The licensee proposed an alternative to this 40-percent criterion that would be added as follows:

The following alternate tube repair criteria may be applied as an alternative to the 40% depth-based criteria:

1. For Refueling Outage 30 and the subsequent operating cycle, flaws found in the portion of the tube below 17 inches from the top

of the hot leg tubesheet do not require plugging. All tubes with flaws identified in the portion of tube within the region from the top of the hot leg tubesheet to 17 inches below the top of the tubesheet shall be plugged. This alternate tube repair criteria is not applicable to the tube at row 38 column 69 in the A steam generator, which is not expanded the full length of the tubesheet.

b. TS 5.5.8.d currently states:

Provisions for SG tube inspections. Periodic SG tube inspections shall be performed.
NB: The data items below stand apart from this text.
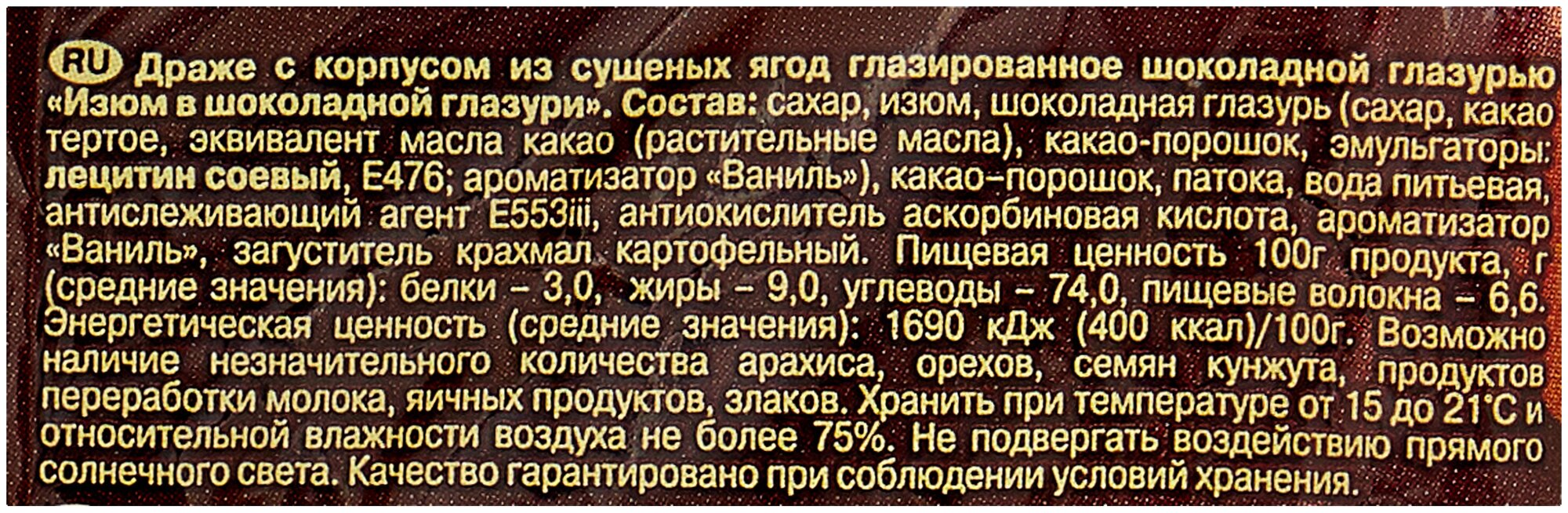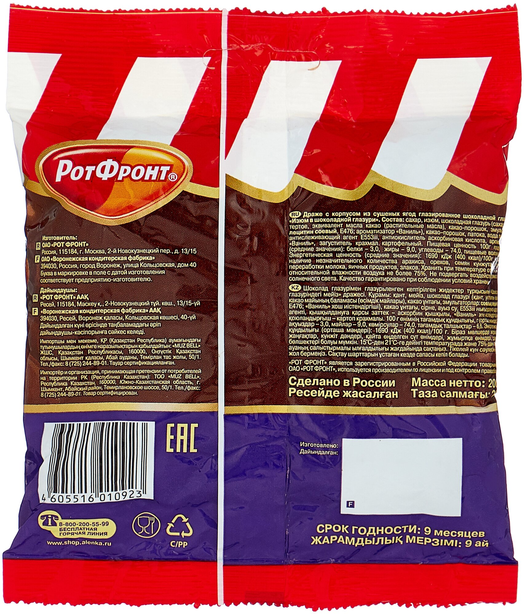 Драже РОТ фронт Изюм в шоколадной глазури, 200г информация:
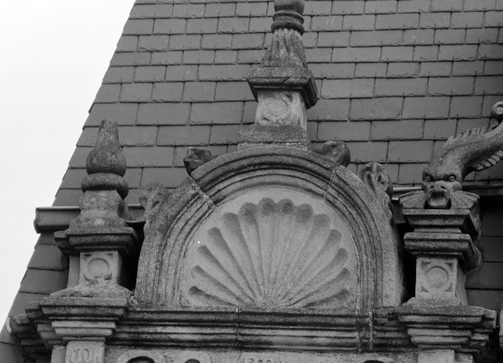 Maison, élévation sud : le fronton d'une lucarne (état en 1985)Immatriculation
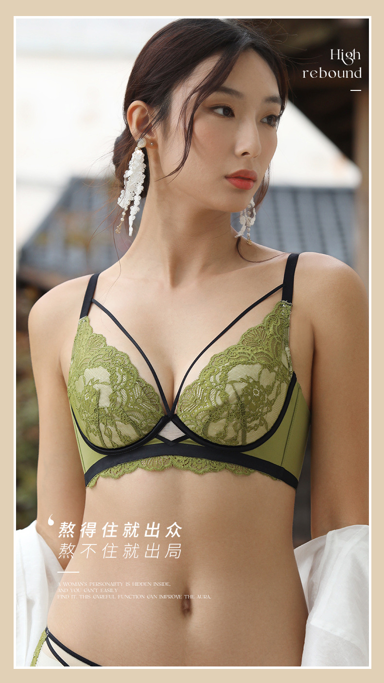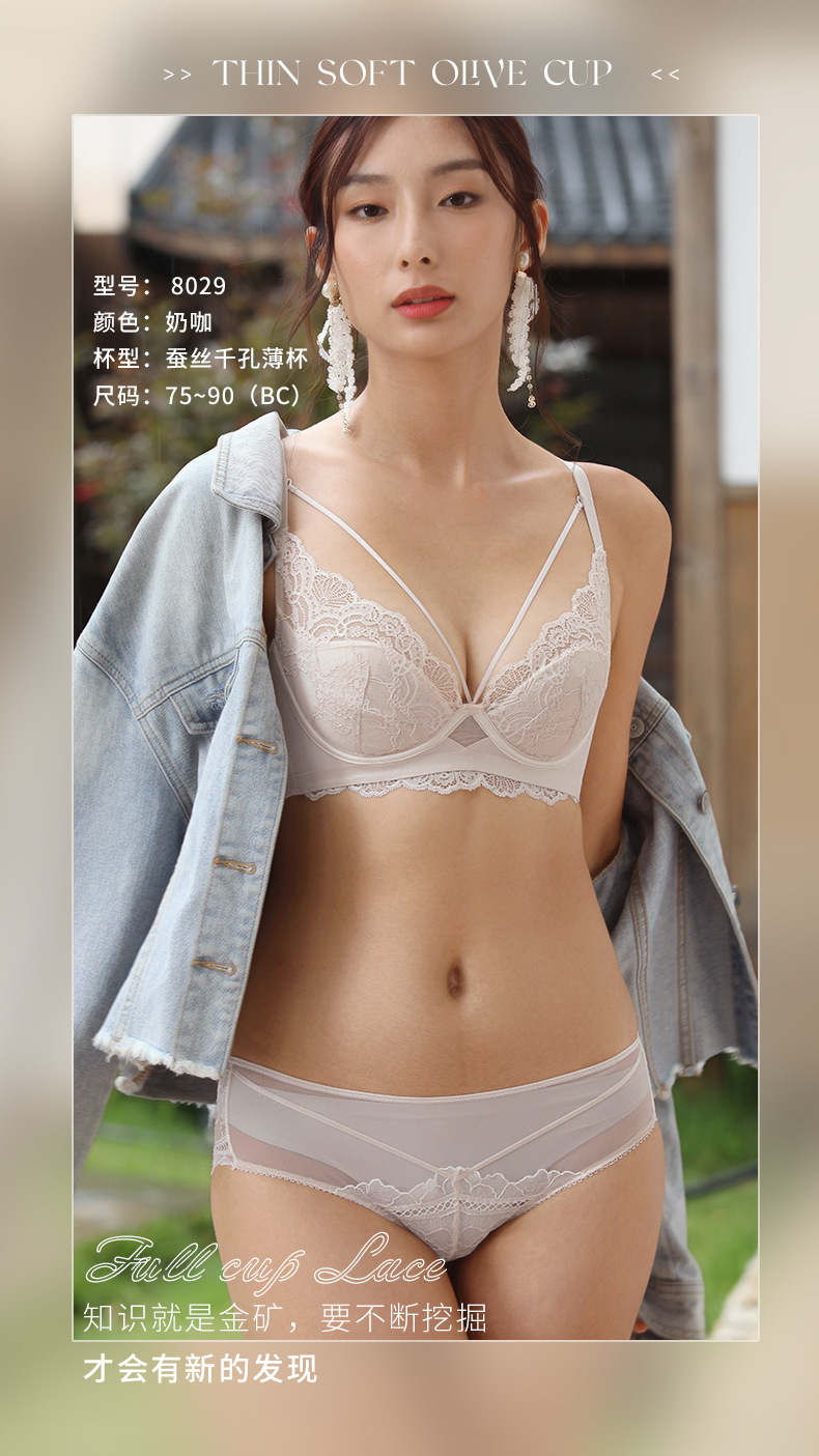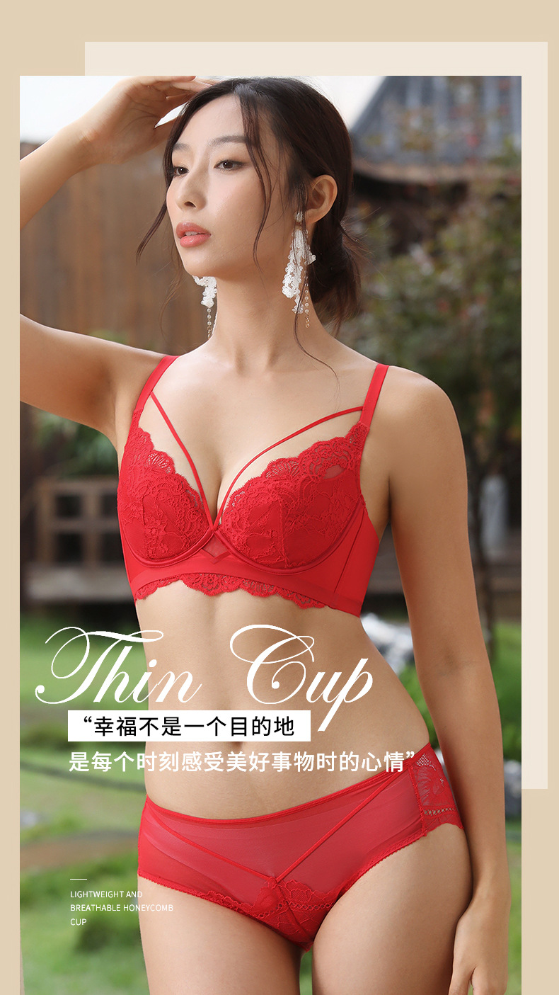 超薄款大胸显小女调整型收副乳防下垂软钢圈文胸6603蕾丝内衣套装
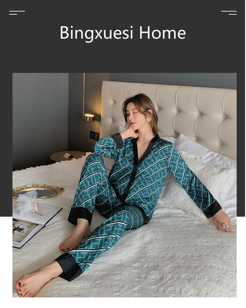 Пижама женская шелковая, с V-образным вырезом и длинным рукавом

The number and portions of the tubes inspected and the method of inspection shall be performed with the objective of detecting flaws of any type (e.g., volumetric flaws, axial and circumferential cracks) that may be present along the length of the tube, from the tube-to-tubesheet weld at the tube inlet to the tube-to-tubesheet weld at the tube outlet, and that may satisfy the applicable tube repair criteria. The tube-to-tubesheet weld is not part of the tube. In addition to meeting requirements d.1, d.2, and d.3 below, the inspection scope, inspection methods, and inspection intervals shall be such as to ensure that SG tube integrity is maintained until the next SG inspection. An assessment of degradation shall be performed to determine the type and location of flaws to which the tubes may be susceptible and, based on this assessment, to determine which inspection methods need to be employed and at what locations.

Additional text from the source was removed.